# COLLECTED DATA

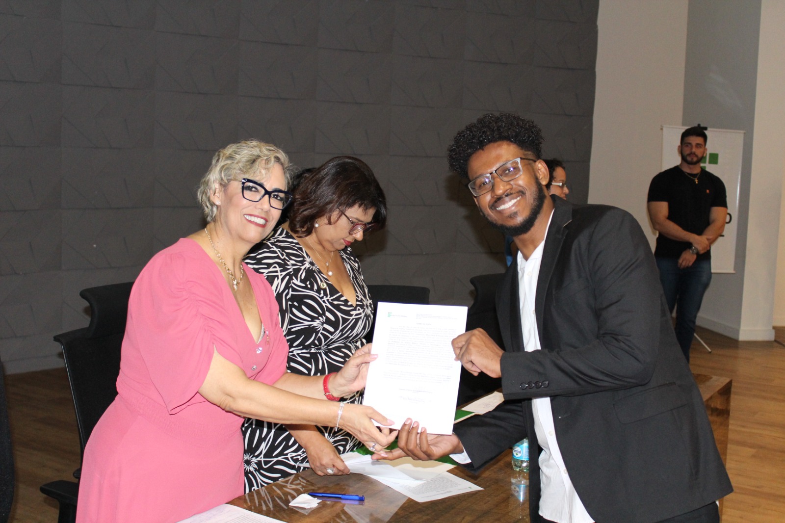 Professora Oneida e o docente recém-empossado Elton Faria de Souza Lima durante a solenidade
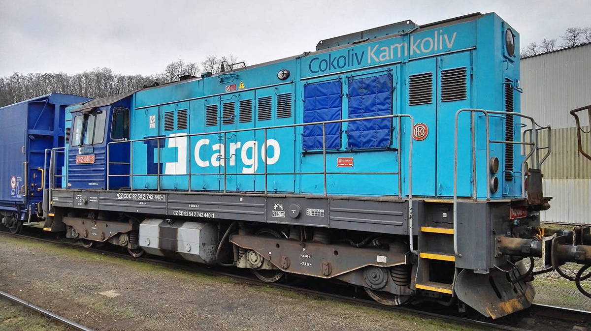 | dieselová lokomotiva světle modrá s šedým rámem a pojezdem |
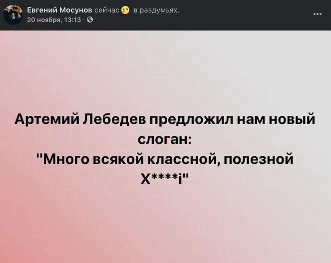 Судя по реплаям Мосунова, компания не заказывала слоган у Темы — видимо, идея родилась у Артемия внезапно. Также пиарщик отметил, что Лебедев недавно похвалил корпорацию.

# PROBLEM DESCRIPTION
Each line from the line containing "a pojezdem |" through the last line above must be written out exactly, and every picture must be omitted.

# RESULT OF THIS TASK
 | dieselová lokomotiva světle modrá s šedým rámem a pojezdem |
 Судя по реплаям Мосунова, компания не заказывала слоган у Темы — видимо, идея родилась у Артемия внезапно. Также пиарщик отметил, что Лебедев недавно похвалил корпорацию.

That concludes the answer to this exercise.